• [ASSIGNED TASK]: What you return should be the full listing, word for word, without a single image.

• [DATA BLOCK]:
######
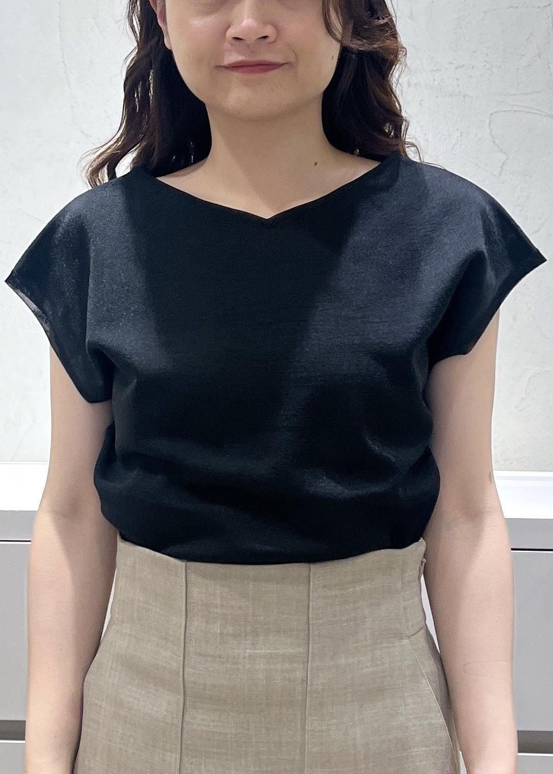アウトレットROPÉ【洗える】シャイニーフレンチスリーブプルオーバーブラック / F¥8,250レビューフリーサイズです。身幅にゆとりのあるシルエット。浅めのVネックとフレンチスリーブで肩周りはスッキリ見えします。
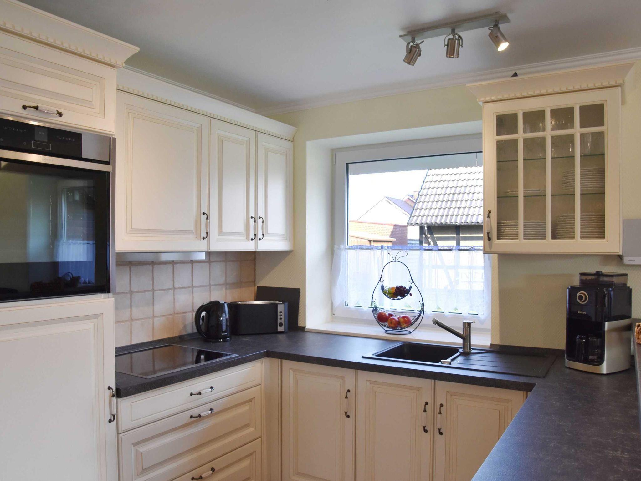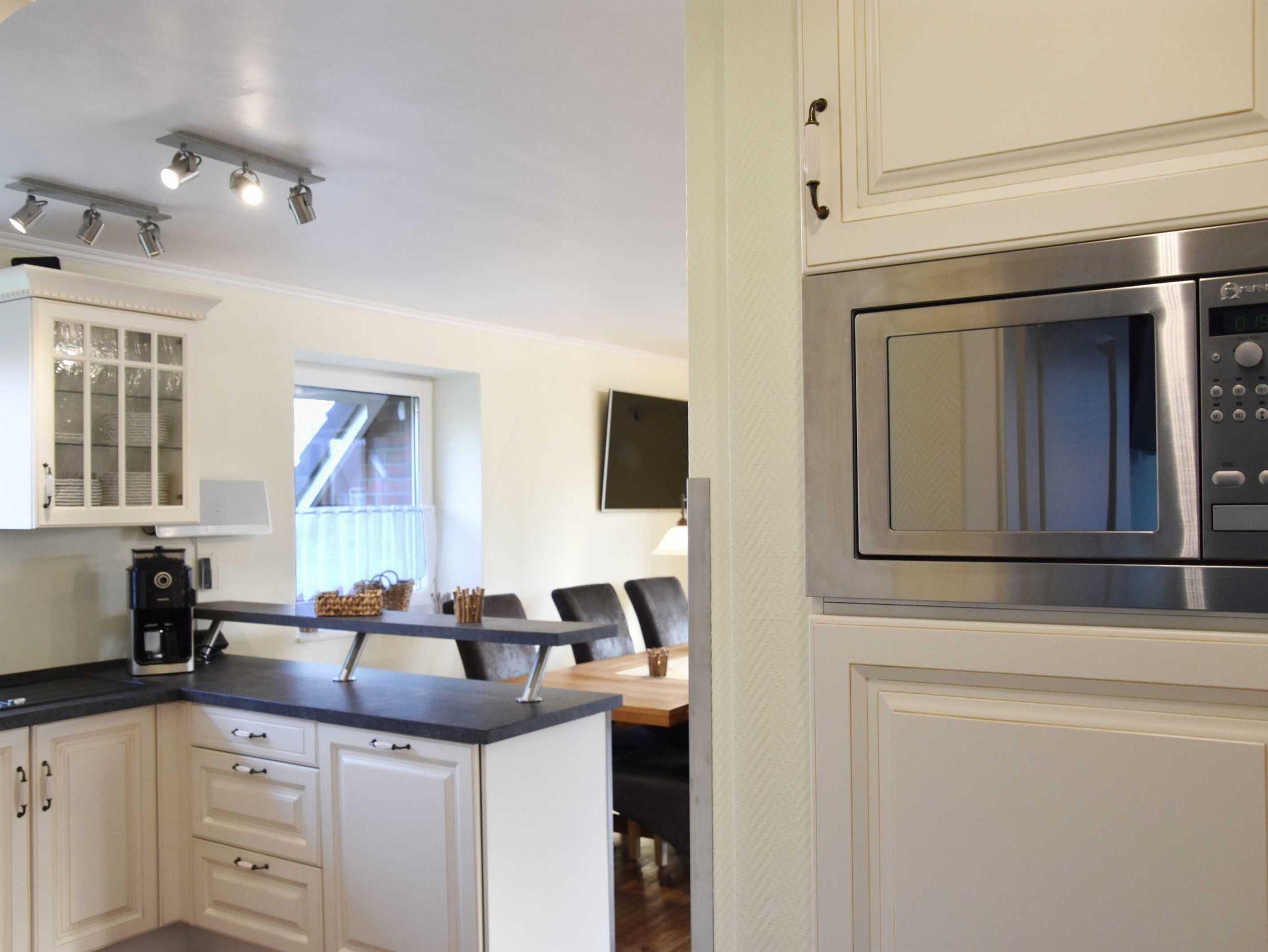 • Ausstattung Küche: Geschirrspüler extra leise, Ceranfeld, autark Dunstabzugshaube, Heißluftherd, Mikrowelle, Kühlschrank mit 3 Sterne Gefrierfach, Toaster, Wasserkocher, Kaffeemaschine mit Mahlwerk, Geschirr und Gläser für 12 Personen, Besteck, Töpfe usw. in ausreichender Anzahl, Stauraum für Lebensmittel und Getränke
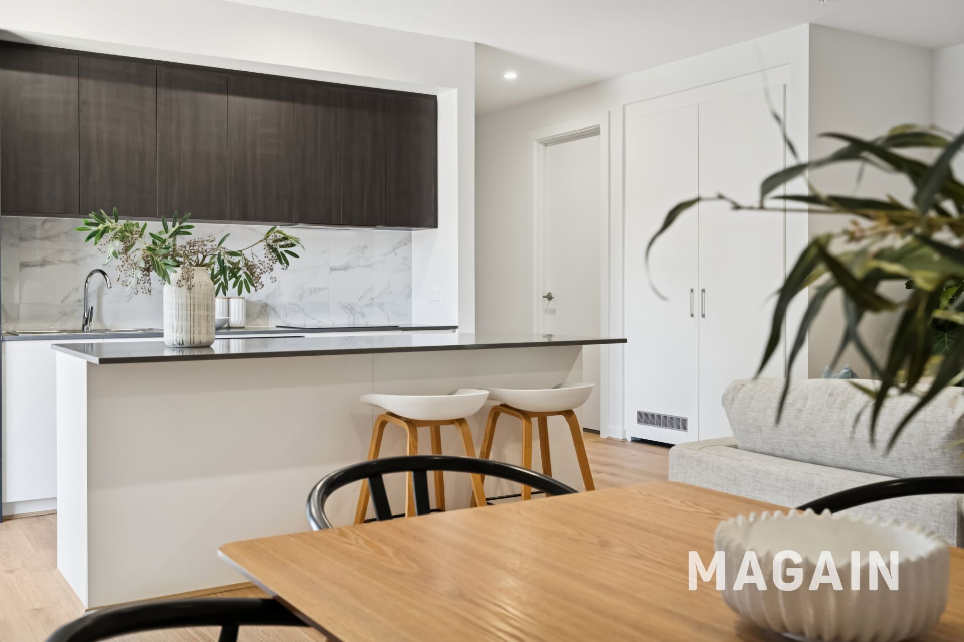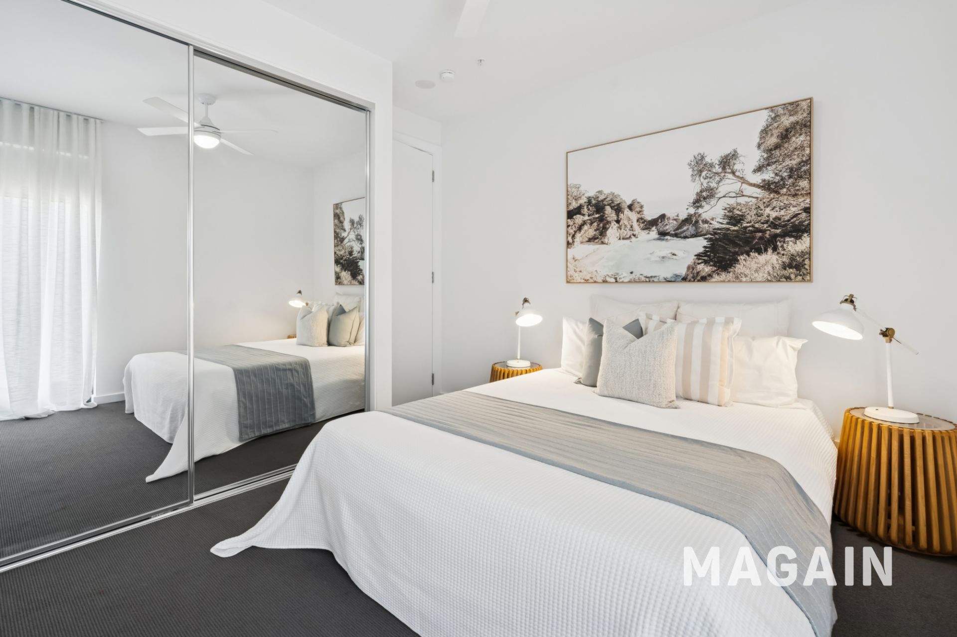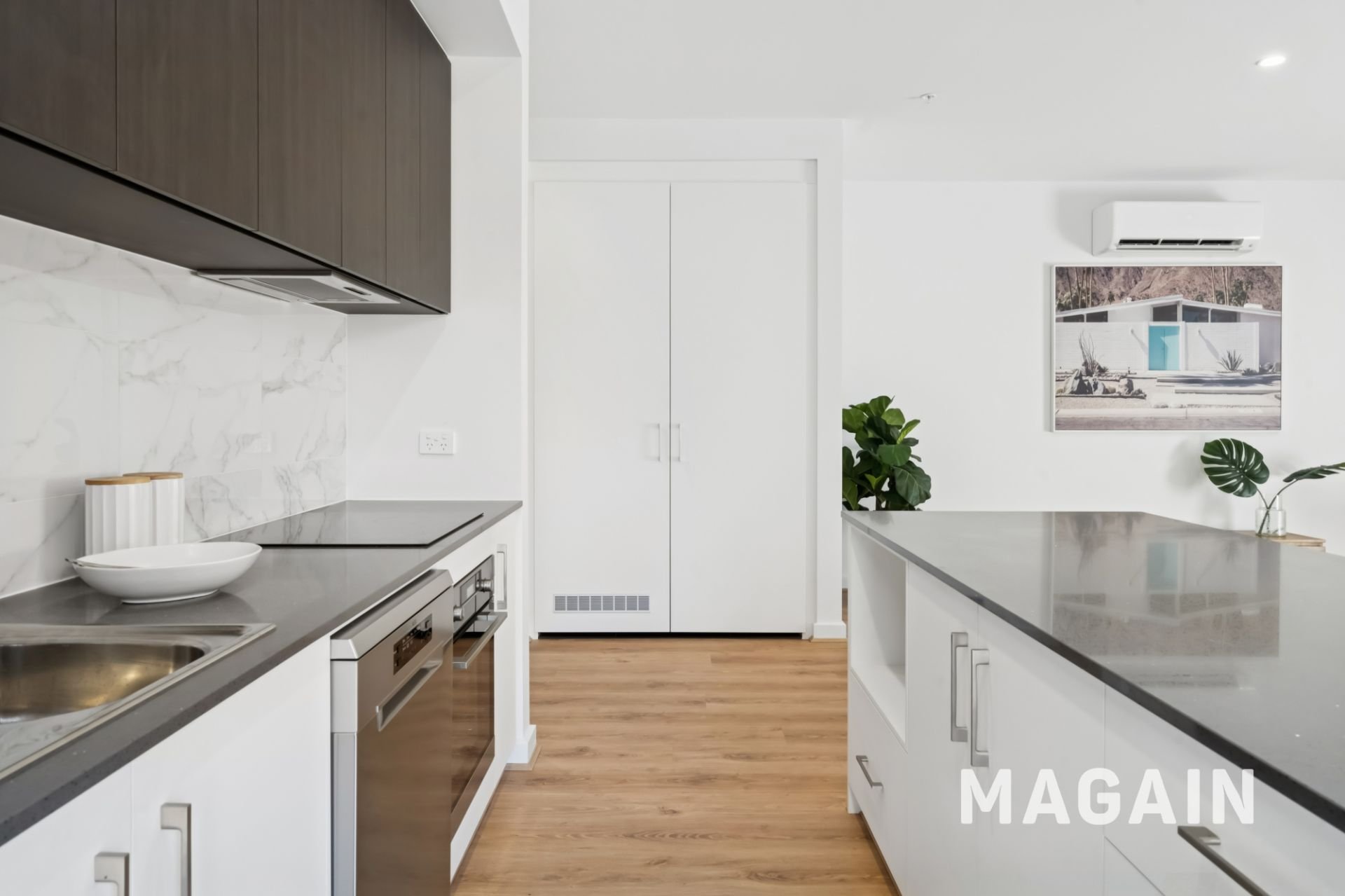 This unique first floor apartment at 104 is rare and the envy of the building when it comes to it's floorplan size. Boasting a wide entrance and hallway, three bedrooms and two bathrooms, open-plan living, 2.7m ceilings, balcony living, modern kitchen with smart-stone benchtops, soft close draws and cabinetry, quality appliances and more!
######
• [WRITTEN SOLUTION]:
アウトレットROPÉ【洗える】シャイニーフレンチスリーブプルオーバーブラック / F¥8,250レビューフリーサイズです。身幅にゆとりのあるシルエット。浅めのVネックとフレンチスリーブで肩周りはスッキリ見えします。
 • Ausstattung Küche: Geschirrspüler extra leise, Ceranfeld, autark Dunstabzugshaube, Heißluftherd, Mikrowelle, Kühlschrank mit 3 Sterne Gefrierfach, Toaster, Wasserkocher, Kaffeemaschine mit Mahlwerk, Geschirr und Gläser für 12 Personen, Besteck, Töpfe usw. in ausreichender Anzahl, Stauraum für Lebensmittel und Getränke
 This unique first floor apartment at 104 is rare and the envy of the building when it comes to it's floorplan size. Boasting a wide entrance and hallway, three bedrooms and two bathrooms, open-plan living, 2.7m ceilings, balcony living, modern kitchen with smart-stone benchtops, soft close draws and cabinetry, quality appliances and more!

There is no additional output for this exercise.